How long do you project it will be before you have a stable product solution ready for manufacturing and distribution.

It typically has been a long process (basic chemistry research and development, to pilot scale development, to production scale) for most new battery development. Even the successful projects take several years to reach a stable production solution ready for manufacturing and distribution.  

Furthermore, battery technologies that provide incremental improvements in performance and lower costs are having difficulty gaining traction in the battery market place. Battery OEM customers are often hesitant to take risks by switching to a new battery technology unless there is a substantial potential benefits for the risk.

We believe the potential benefits of our Super Cathode technology (substantially lower costs and longer battery life) will be an enabler for the emerging storage industry that absolutely needs to have substantial increase in performance and reduced costs.
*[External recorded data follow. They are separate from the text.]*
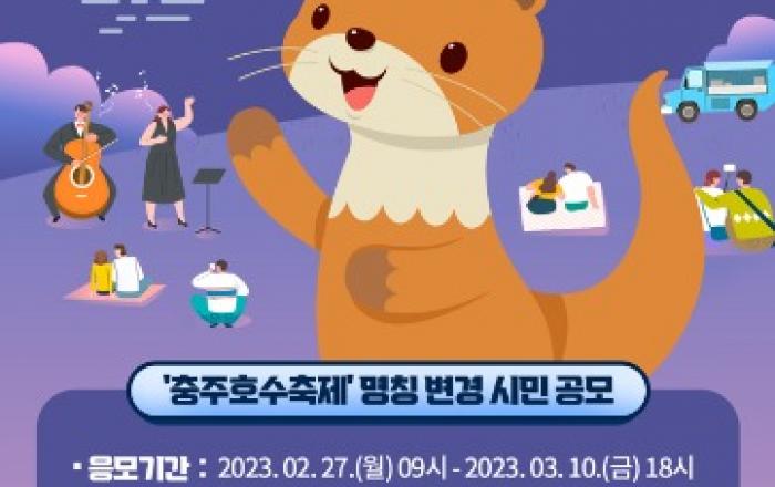 ▲ 충주대표 관광축제의 매력적 이름을 지어주세요충주시가 충주의 대표 관광축제에 걸맞은 새로운 이름을 찾고자 시민을 대상으로 공모를 진행한다고 밝혔다.공모는 충주의 대표 관광축제인 충주호수축제가 ‘호수’라는 주제에서 벗어나 충주를 대표할 새로운 이름을 찾아 관광 축제의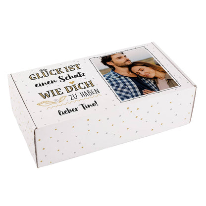 Zeigen Sie Ihre Liebe mit einem persönlichen Touch! Unsere individuell bedruckte Geschenkbox mit Ihrem Foto ist die perfekte Art, Ihren Liebsten zu zeigen, wie besonders sie sind. Personalisieren Sie sie mit einem Foto Ihrer Wahl, das schöne Erinnerungen festhält, und ergänzen Sie ihn mit einem einzigartigen Spruch oder Text Ihrer Wahl. Der Spruch "Glück ist ... wie dich zu haben." wird mit zwei Zeilen Text nach Wunsch ergänzt, so dass die Geschenkverpackung für jeden passend gemacht werden kann. Ob zum Valentinstag für Ihren Schatz, Muttertag, Vatertag, Geburtstag der besten Freundin oder anderen Anlässen, diese Geschenkbox mit liebevoller Botschaft ist perfekt, um Ihre Zuneigung und Wertschätzung zu zeigen.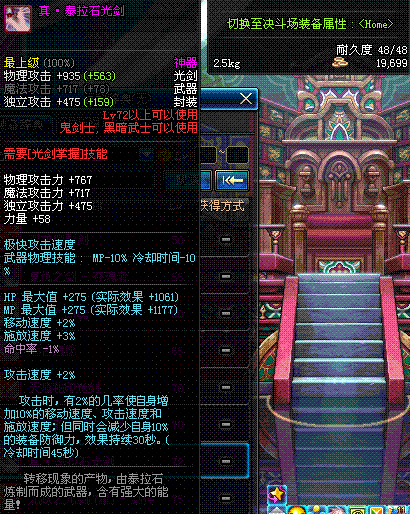 | 72 | 真·泰拉石光剑 | * 设计图(70LV以上普通地下城 登场的NPC加百利 出售) *泰拉石光剑 → 用远古神器装备进化书升级(NPC船长鲁特 出售) |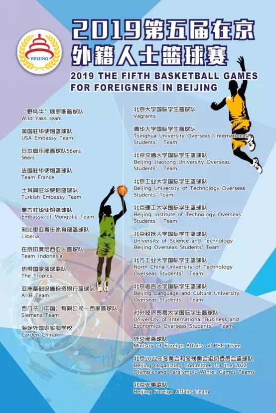 參賽隊員主要為俄羅斯、美國、法國、土耳其、日本等國駐華使館,在京外資企業、國際學校、高等院校等機構的外籍人士。外交部籃球隊、北京冬奧組委籃球隊,以及由市外辦干部為主體的北京外事聯隊參賽。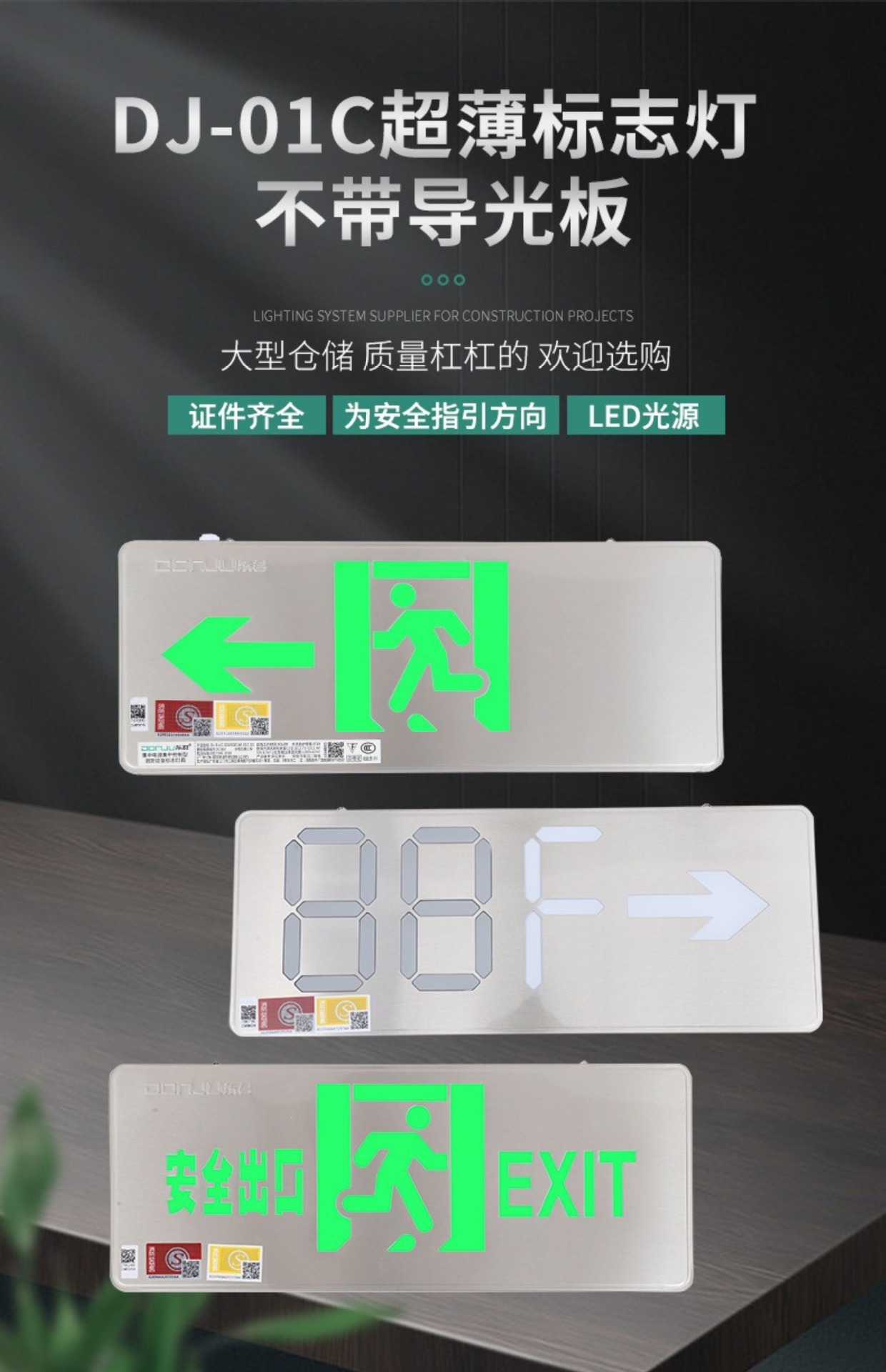 Dongjun 화재 조명 비상 조명 안전 출구 표시기 36V 스테인레스 스틸 통로 대피 출구 표시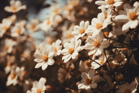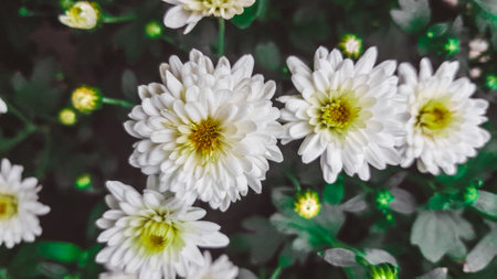 cluster of white chrysanthemum flowers, Vintage Style.
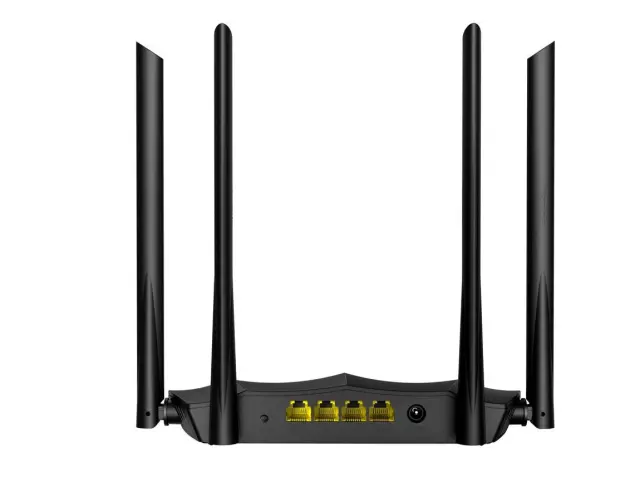 - Podprti standardi: 5GHz; IEEE 802.11ac/n/a in 2.4GHz; IEEE 802.11n/g/b - Frekvenca: 2.4GHz in 5GHz sočasno - Hitrost: 5GHz do 867Mbps; 2.4GHz do 300Mbps - Antena: 4x 6dBi External Dual Band Antennas - Zaščite: WPA-PSK/WPA2-PSK, WPA/WPA2 - Priključki: 3x 10/100/1000Mbps LAN ports; 1x 10/100/1000Mbps WAN port - Načini delovanja: Wireless Router Mode / AP Mode / Universal Repeater mode / WISP Mode - DHCP Server: DHCP Server / DHCP Client List / DHCP Reservation - DDNS: Support DynDNS, 88ip - Firewall: Forbid WAN PING from internet - Ostalo: Broadband management / MAC address clone / Static Routing; System Log / Backup & Restore configurations / ; Firmware upgrade from local - Napajanje: DC 9V/1A - Dimenzije: 200x127x34mm - Garancija: 36 mesecev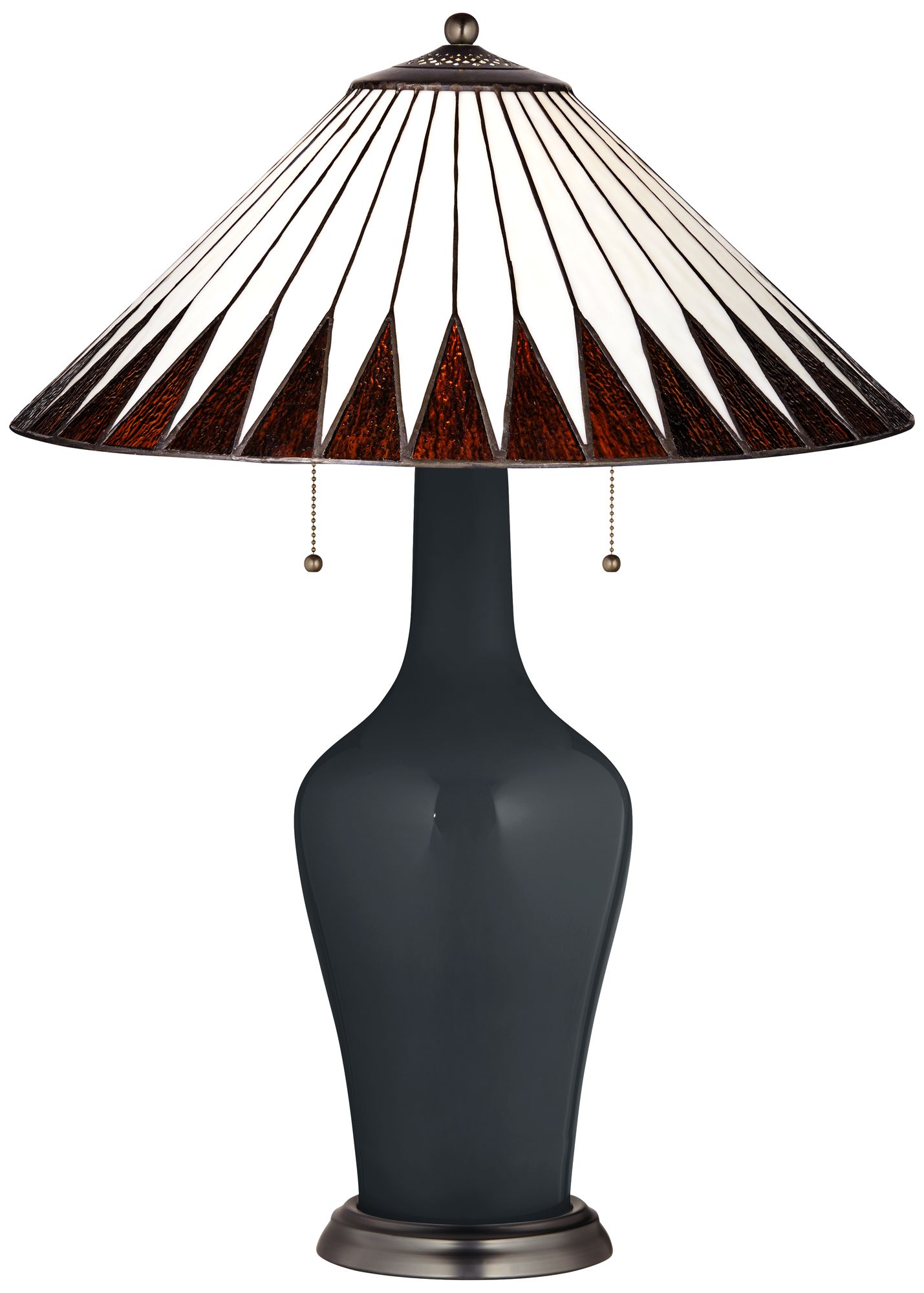 Bring a refreshing accent home with the updated, designer look of this glass table lamp from the Tiffany Color + Plus lighting collection. The lamp is hand-crafted and made-to-order by experienced artisans in our California workshops, and features a beautiful Black of Night base color tone. It is topped with the Feather Geometric pattern shade crafted from 68 pieces of hand-cut art glass soldered together with traditional Tiffany-style copper foil technique. The design is completed with an antique brass finish metal stand and matching pull chains. Please note - because the shade is handmade, there may be slight variations in glass color, shape and pattern. Lamp base U.S. Patent # 8,899,798.

Upon a successful completion of our R&D stage, hopefully within the next 18 months, we will proceed with the next stage (pilot scale and production scale development) in cooperation with large battery manufacturing partners motivated by potential benefits of our Super Cathode technology.

 

How will research advancements with lithium-ion batteries impact user-adoption for the EV industry?

User adoption for the EV industry hinges on substantially lowering the cost of batteries, which will reduce the purchase price of EVs. In addition to the low cost of battery storage, cycle life of the battery has to substantially improve so that EV owners do not have to buy replacement Lithium-ion batteries every five years or so.
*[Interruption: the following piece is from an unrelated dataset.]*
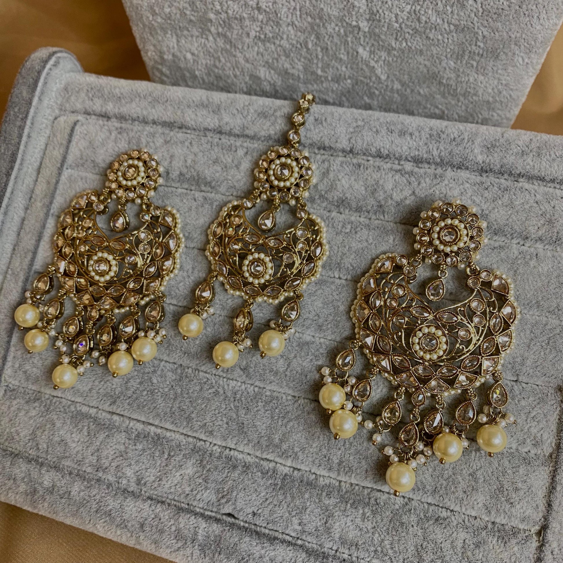 Antique gold & champagne Bridal necklace set Indian/ Pakistani Style/Wedding/Earring/Tikka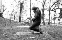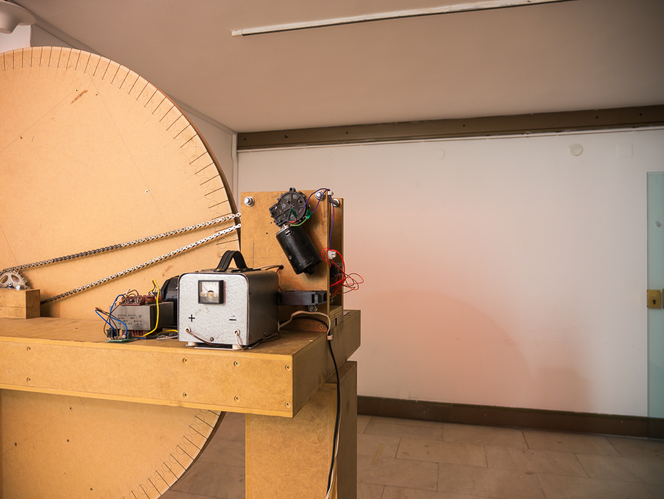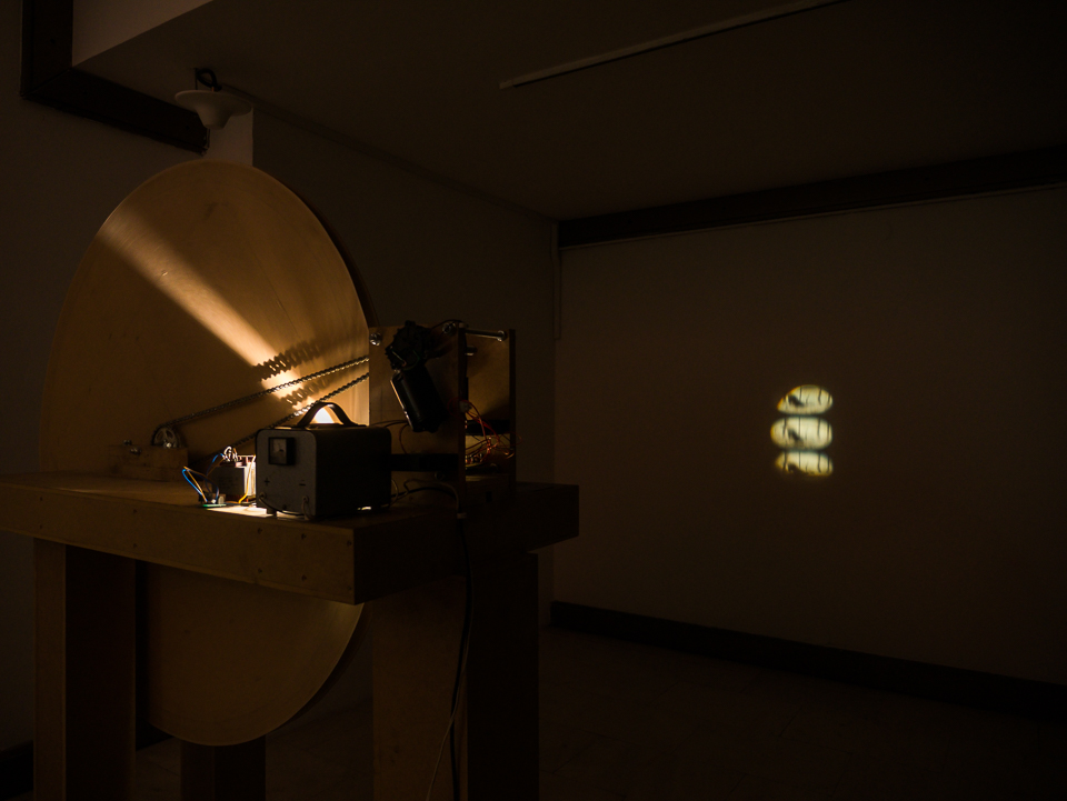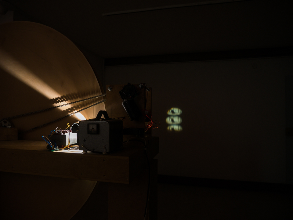 je ironičan pokušaj izokretanja evolucije filmske tehnologije. Prvotni cilj ovog rada bio je napraviti funkcionalan zoopraksiskop, koji se sastoji od dijaprojektora prerađenog u laternu magicu, elektromotora, strujnog transformatora i nekoliko zupčanika bicikla. Projektor prikazuje film u kojem se autor ljulja na konjiću za igranje koji se nalazi u dječjem parku. Radnja je snimlj...više

If we are successful in reducing the cost of electrical energy storage below $100/kWh, the impact on the EV market will be substantial. This means the electric vehicles can directly compete with conventional vehicles in terms of range and cost of ownership, and that manufacturers can also guarantee the battery for the lifetime of vehicle use.

 

What are key items that businesses should think about if it is considering incorporating batteries into their energy infrastructure?

Businesses should look at the overall cost versus the benefits of installing batteries in its energy structure.  This depends on what benefits the business most (maximizing the return while minimizing the cost of battery installation and maintenance during the entire battery life).  

This includes:

  • Minimizing the overall utility bill by storing electrical energy during non-peak hours and use them during peak hours.
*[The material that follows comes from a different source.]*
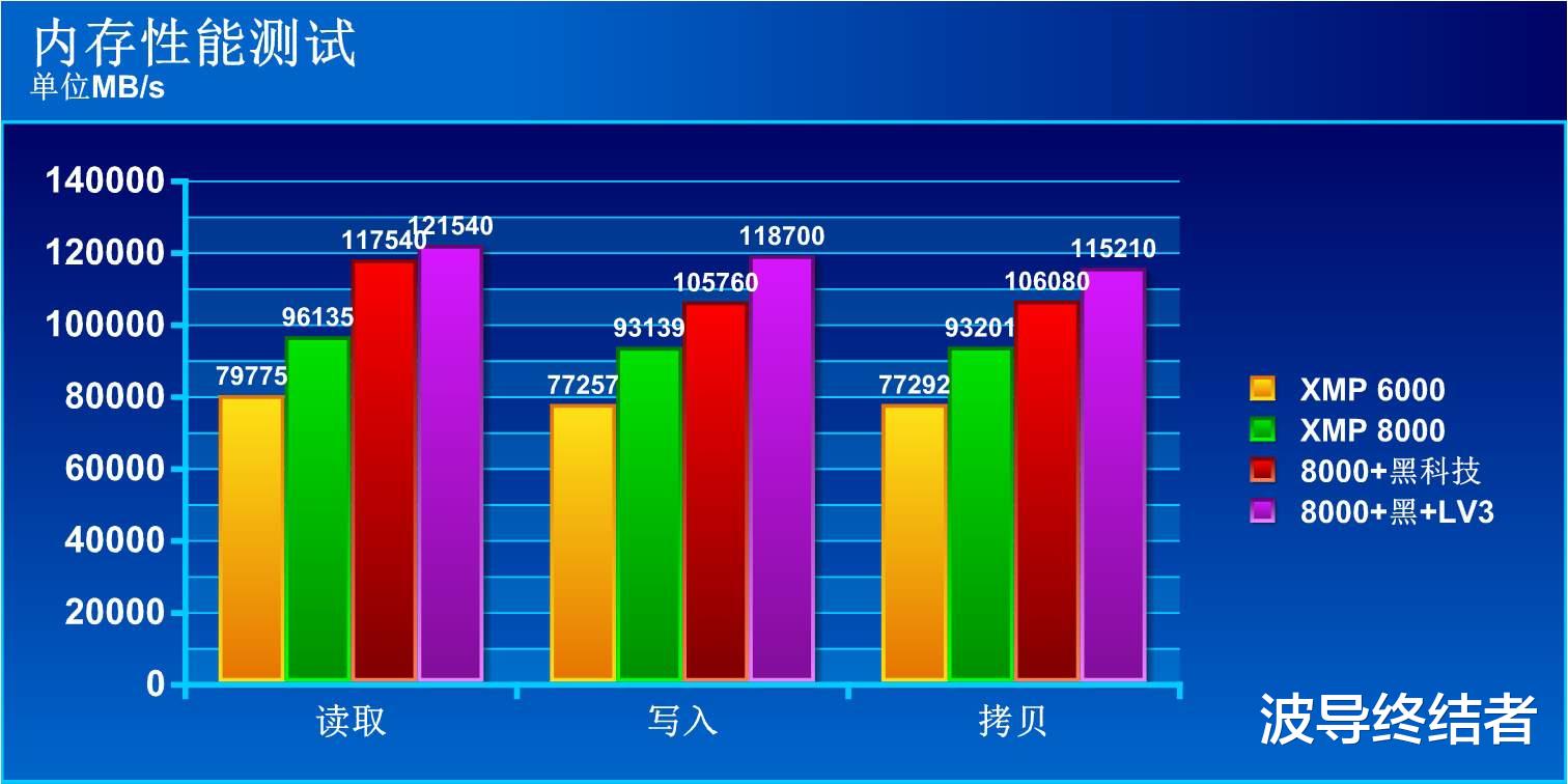 而在内存黑科技方面,带来的提升更是明显。在XMP 6000档位下,读取带宽为79775MB/s,写入带宽77257MB/s,拷贝带宽77292MB/s,延迟87.6ns。开启XMP 8000档位,读写带宽就分别来到了96135MB/s,93139MB/s,拷贝带宽93201MB/s,延迟78.4ns。再开启高带宽和低延迟功能后,读写以及拷贝带宽再次暴涨到117.54GB/s,105.76GB/s,106.08GB/s,延迟压进了70ns来到69.9ns。而在LV3档位下,CPU以及整机性能进一步提升,读取带宽高达121.54GB/s,写入带宽118.70GB/s,拷贝带宽115.21GB/s,延迟68.0ns。这一切都是在不做任何手动超频,仅仅BIOS里点两下得到的。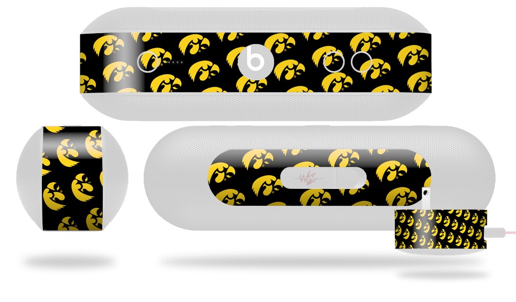 Decal Style Wrap Skin fits Beats Pill Plus Iowa Hawkeyes Tigerhawk Tiled 06 Gold on Black (BEATS PILL NOT INCLUDED)

  • Protecting its energy infrastructure by allowing batteries to provide high quality and steady flow of electrical energy.

  • Storing electrical energy generated by renewable sources (ex. rooftop solar), then using it when the sun goes down.

 

 

About David D. Lee
David D. Lee, founder of BioSolar, has over 30 years of engineering, marketing, sales, and corporate management experience in the areas of military and consumer communication systems, automotive electronics, software development and consulting. He has held senior management positions in numerous technology companies over the course of his career including Chief Operating Officer for Applied Reasoning, Inc., an Internet software development company; Vice President and General Manager of RF-Link Technology, Inc., a wireless technology company; Program Manager at TRW Transportation Electronics, and Systems Engineer at TRW Space and Defense. Dr. Lee holds a Ph.D. in Electrical Engineering from Purdue University, a Master of Science in Electrical Engineering from the University of Michigan Ann Arbor, and a Bachelor of Science in Electrical Engineering from the University of Texas at Austin.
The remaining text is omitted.